Denmark
From WikiPharmaceutical
Denmark’s per capita consumption of pharmaceuticals is well below that of western European countries, Japan and the United States (measured as sales in ex-factory prices and including both prescription and non-prescription medicines and in the primary care and hospital sectors) (see Table 13). As a percentage of GDP (0.7%), pharmaceutical consumption in Denmark is lower than in any other western European country, Japan or the United States, where the average value is 1.3%. Special initiatives have also resulted in much lower use of antibiotics in Denmark than in other countries in the EU.
Price levels
As a result of general rises in the price of drugs in Denmark, resulting in some prices well above the European average, legislation passed in November 2000 introduced two temporary price ceilings. Prior to June 2001 pharmacy purchase prices could not exceed the price in force in November 2000 or the European average price (the average price of drugs in Austria, Belgium, Finland, France, Germany, Greece, Ireland, Italy, the Netherlands, Norway, Portugal, Spain, Sweden and the United Kingdom). For drugs that were not on the market in November 2000, the pharmacy purchase price could not exceed the price that was set when the product first appeared on the market. Although the temporary price ceilings are no longer in force, members of the Medicine Producers’ Organization have guaranteed that pharmaceutical prices will not rise beyond the European average price for 12 months from June 2001. Since November 2000 the definition of the European average price has changed slightly to include all countries in the EU and the European Economic Area (Norway, Iceland and Lichenstein) with the exception of Spain, Portugal, Greece and Luxembourg.
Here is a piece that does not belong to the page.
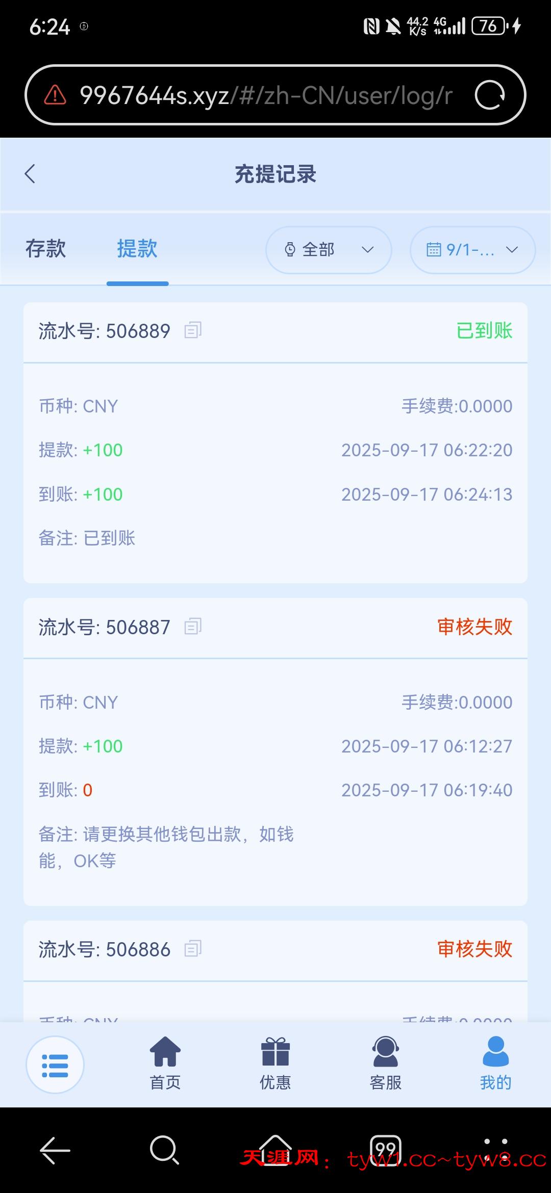 提了一百不知道能不能到账

Pharmaceutical companies are obliged to inform the Danish Medicines Agency of the price of individual drugs in the remaining countries every six months. Unfortunately no full price comparison has been made yet, but in the light of the initiatives mentioned above, it is expected that the price of drugs in Denmark will not, for the time being, exceed the European average price.
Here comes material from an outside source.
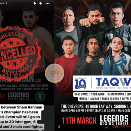 Pertarungan Sham Rahman vs Shah Khan dibatalkan

Pharmaceutical expenditure
The steady rise in the level of pharmaceutical expenditure through the NHSS has focused political attention on the pharmaceutical market for many years, although this focus has intensified since the late 1980s. In spite of several initiatives to control this development, such as price freezes, price cuts, generic substitution and reference pricing, pharmaceutical expenditure continues to rise. However, a new reimbursement system launched in March 2000 aims to make public savings of up to 325 million DKr a year. The issue of liberalization has been subject to conflicting political interests and lobbying by strong interest groups in the pharmaceutical sector. With the exception of a minor liberalisation of the sale of non-prescription drugs from October 2001, there are no further plans to liberalise this sector. In 1999 pharmaceutical consumption in the hospital sector accounted for 18.8% of total pharmaceutical consumption. In the primary care sector pharmaceutical expenditure was financed by the NHSS (54.6%), patient copayments (40.1%) and municipalities (5.2%).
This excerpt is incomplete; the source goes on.